How to compare sentence similarities using embeddings from BERT How to compare sentence similarities using embeddings from BERT python python

How to compare sentence similarities using embeddings from BERT


In addition to an already great accepted answer, I want to point you to sentence-BERT, which discusses the similarity aspect and implications of specific metrics (like cosine similarity) in greater detail.They also have a very convenient implementation online. The main advantage here is that they seemingly gain a lot of processing speed compared to a "naive" sentence embedding comparison, but I am not familiar enough with the implementation itself.

Importantly, there is also generally a more fine-grained distinction in what kind of similarity you want to look at. Specifically for that, there is also a great discussion in one of the task papers from SemEval 2014 (SICK dataset), which goes into more detail about this. From your task description, I am assuming that you are already using data from one of the later SemEval tasks, which also extended this to multilingual similarity.


You can use the [CLS] token as a representation for the entire sequence.
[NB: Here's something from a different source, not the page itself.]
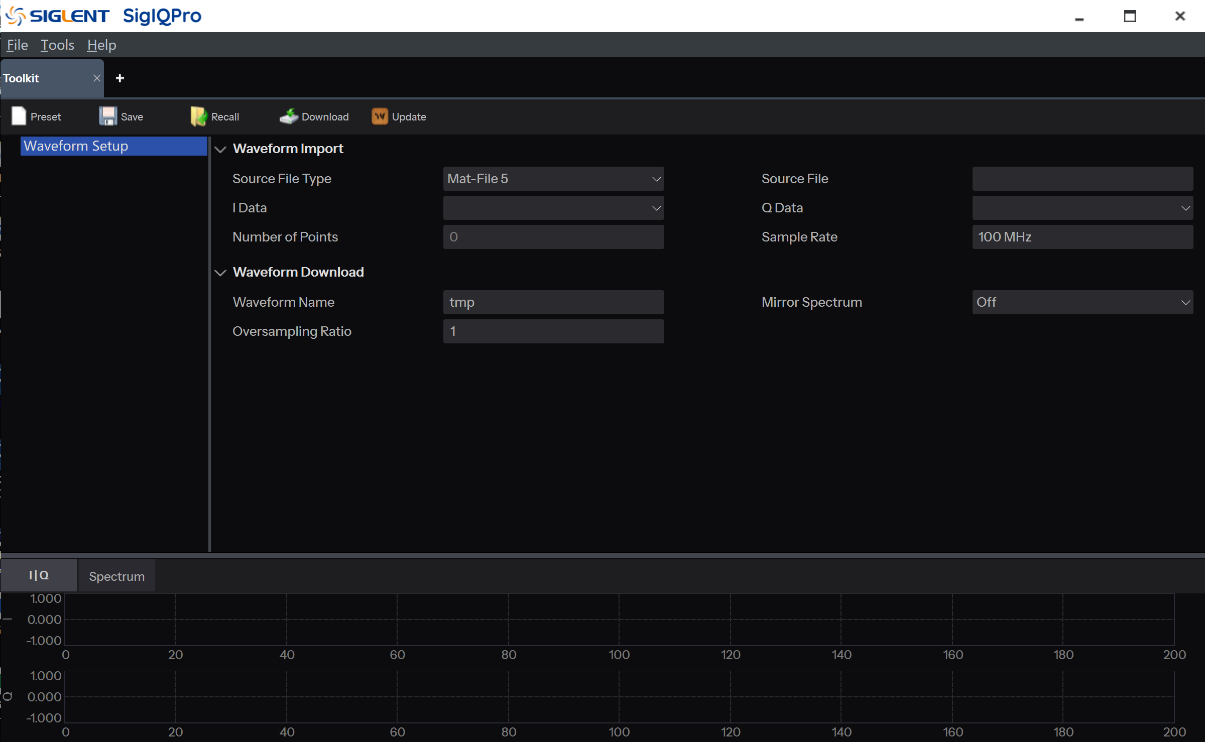 SigIQPro is a flexible PC-based signal generation software that takes signal generation to a whole new level. It supports a wide variety of cellular and wireless connectivity standards, making it easy to generate complex signals that are fully compliant with Bluetooth, IoT and other communication standards, meeting the requirements of the Internet of Things, short-range communications, and other wireless cellular communications. Waveforms can be transferred directly to SIGLENT signal generator via GPIB, USB or LAN. Get interactive control of your signal generation through direct connection with a variety of SIGLENT instruments. Users can quickly import MATLAB-generated *.mat files or *.txt files, *.dat files, *.csv files and other ASCII files into SIGLENT signal generator for playback using the file conversion Toolkit function in SigIQPro software.SigIQPro has a user-friendly interface that provides deep insights, displays a wide array of performance metrics and brings these powerful signal generation capabilities to the desktop. Users only need to set the basic parameter information of the required signals to generate the required waveforms quickly and easily. The tree view allows users to quickly switch between waveform settings and packet settings to help speed up test operations. In addition, the I/Q waveforms, frequency domain and constellation diagrams of the signals to be generated are visually displayed on the graph view. The entire signal generation process is intuitive, convenient and fast, minimizing the time engineers spend on signal generation and improving test efficiency.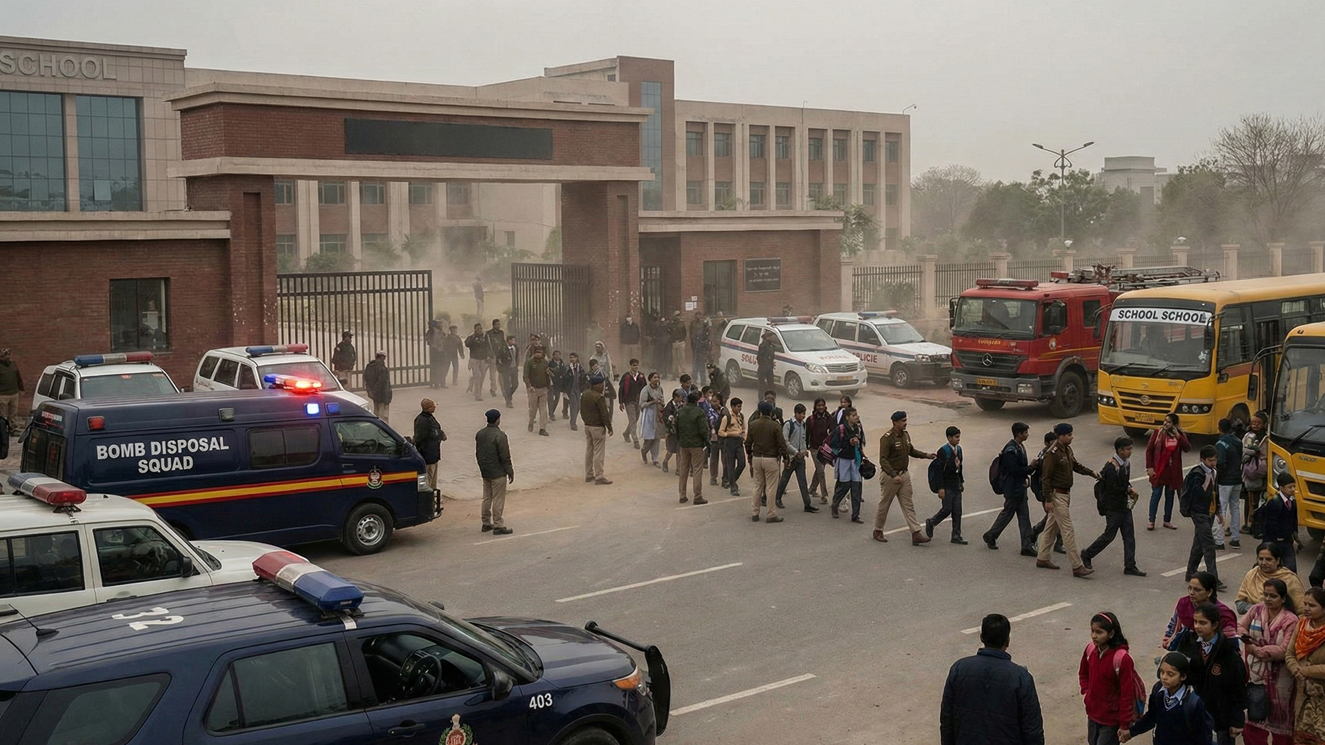 In Noida, prominent schools, including Shiv Nadar School, Cambridge School, and Army Public School reported receiving threatening emails in the morning. As a precaution, school managements informed parents, evacuated students and staff, and suspended classes for the day. Police teams, bomb disposal squads, dog squads, and fire tenders were rushed to the campuses to conduct thorough searches. Officials said no suspicious items or explosives were found during the checks.

This token is typically prepended to your sentence during the preprocessing step. This token that is typically used for classification tasks (see figure 2 and paragraph 3.2 in the BERT paper).

It is the very first token of the embedding.

Alternatively you can take the average vector of the sequence (like you say over the first(?) axis), which can yield better results according to the huggingface documentation (3rd tip).

Note that BERT was not designed for sentence similarity using the cosine distance, though in my experience it does yield decent results.